Moldova, which also has a border with Ukraine, has long been feared to be next in Russia’s sights, partly due to a pro-Russian breakaway republic within its borders Transnistria.
A statement issued by the Romanian Ministry of Defence said: “Regarding the drone attacks, carried out last night, against the infrastructure of the Danube ports of Ismail and Reni, located near the borders of Romania, the structures of the Ministry of National Defence that ensure the monitoring of the airspace have not identified threats of a military nature to the national territory or the territorial waters of Romania.”

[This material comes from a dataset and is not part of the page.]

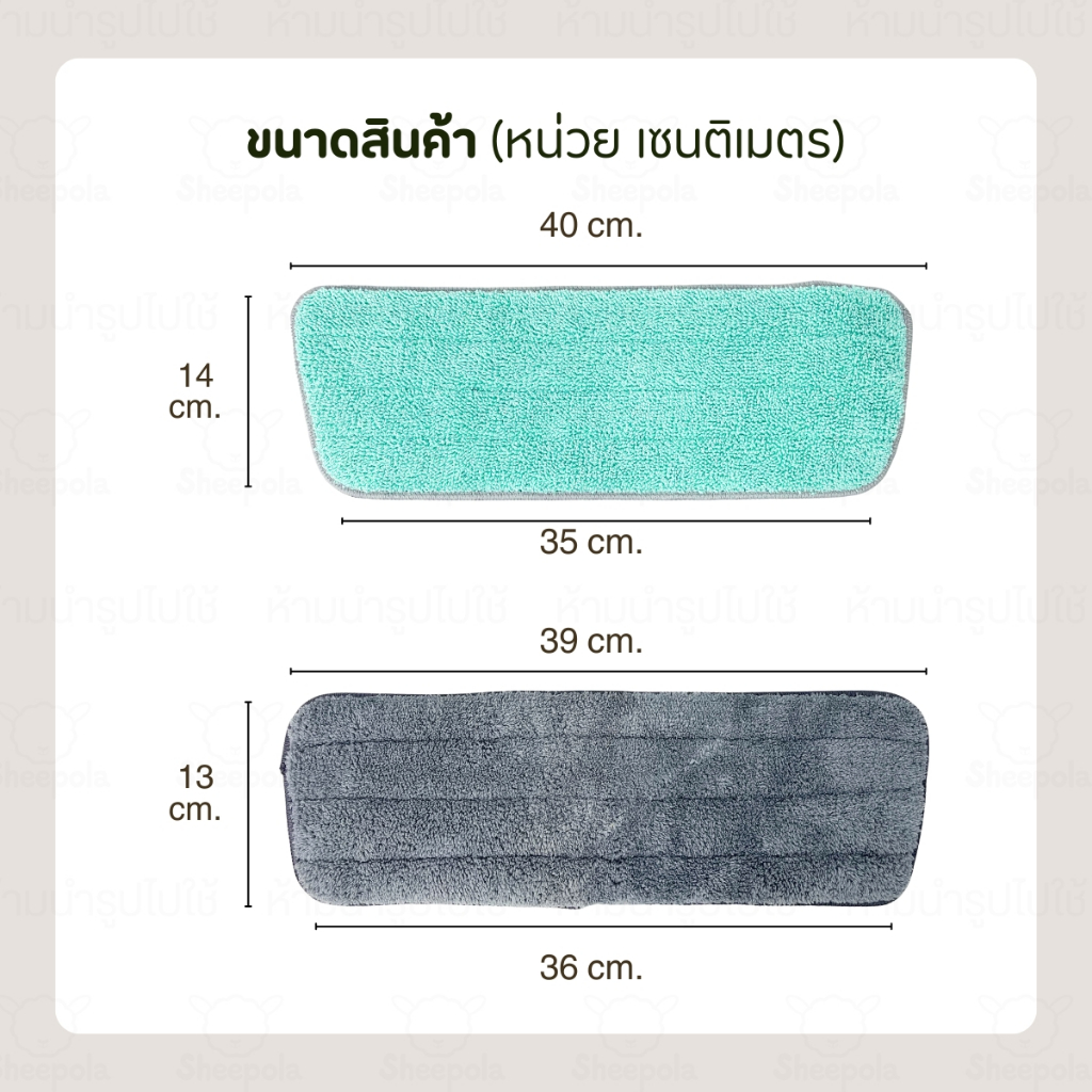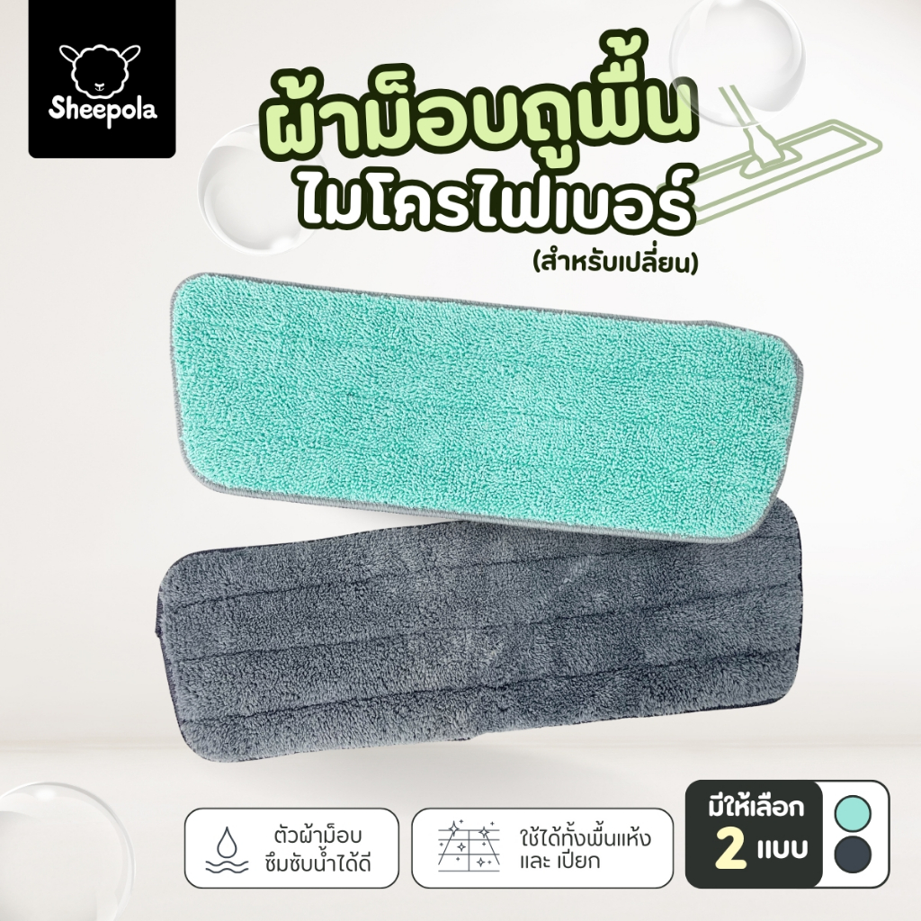 Sheepola ผ้าม็อบไมโครไฟเบอร์ (สำหรับไม้ถูแบบรีดน้ำ) ขนาด37ซม. ถูพื้น ดันฝุ่น ซับน้ำได้ดี ถอดซักได้

In Constanta, the Romanian Navy sent a minesweeper into the area, along with specialist divers, to deal with the exploded mine and a second believed to be floating in the same area.
Dr Benjamin Martill, senior lecturer in politics and international relations at the University of Edinburgh, has warned more attacks are likely to occur in what he calls the “grey zone”, close to Ukraine’s borders.
"Broadly speaking, we can probably expect more events to occur in this grey zone, both between formal and informal attacks and in areas that are too close for comfort to the NATO/EU 'border',” he said. “We already saw similar with the mooted attacks on Poland, which turned out to be Ukrainian 'friendly fire'.”
Dr Martill said the Romanian response to this week’s drone attacks exposed the thought process of a country focused on calming fear within its own borders.
“The messaging is a proportionate response given the proximity of the attacks,” he said. “Usually one would find government statements to be a tad more superfluous about the extent of threat, because it suits them politically, so this speaks to the Romanian government being genuinely concerned and thinking more about the domestic than the international audience here.”
Odesa, Ukraine's biggest port, shipped millions of tonnes of grain from its docks under a deal brokered by the US and Turkey last year. However, that arrangement, which allowed cargo ships to sail along a corridor in the Black Sea, came to an end in July when Russia withdrew. Russia has since attacked targets linked to grain infrastructure.
An alternative route, through the Sulina Channel — a 40-mile stretch of water leading from the Black Sea to Romanian, Ukrainian and Moldovan ports in the Delta – has been started. Romania’s defence ministry said Constanta has become “the main alternative grain route” since Moscow’s withdrawal.
It added that intelligence, surveillance and reconnaissance capabilities – often known as NATO’s “eyes in the sky” – are now “deployed on a 24/7 basis over Romania and its territorial waters in the Black Sea”.
However, Dr Martill said any escalation of Russia's activities beyond “this very well-established boundary” of Romania's borders would represent a “staggering escalation of the conflict”.
“It is certainly the case that Romania is among those states most worried about the effects of Russian aggression in the region and for its close neighbours,” he said. “Romania is closest politically and geographically to Moldova, another potential flashpoint where we know the Kremlin has designs, and Romania is most exposed to refugee flows should Russia shift its sights towards Moldova and Transnistria.
“I think what matters most though is that both sides have an incentive to avoid escalation, so in each case you will see a very careful appraisal of the facts, especially within Western Europe, rather than a knee-jerk reaction.
“And equally at least some restraint on [Vladimir] Putin's side, because it is both bad strategy and bad PR to provoke NATO into offering any more support to Ukraine.”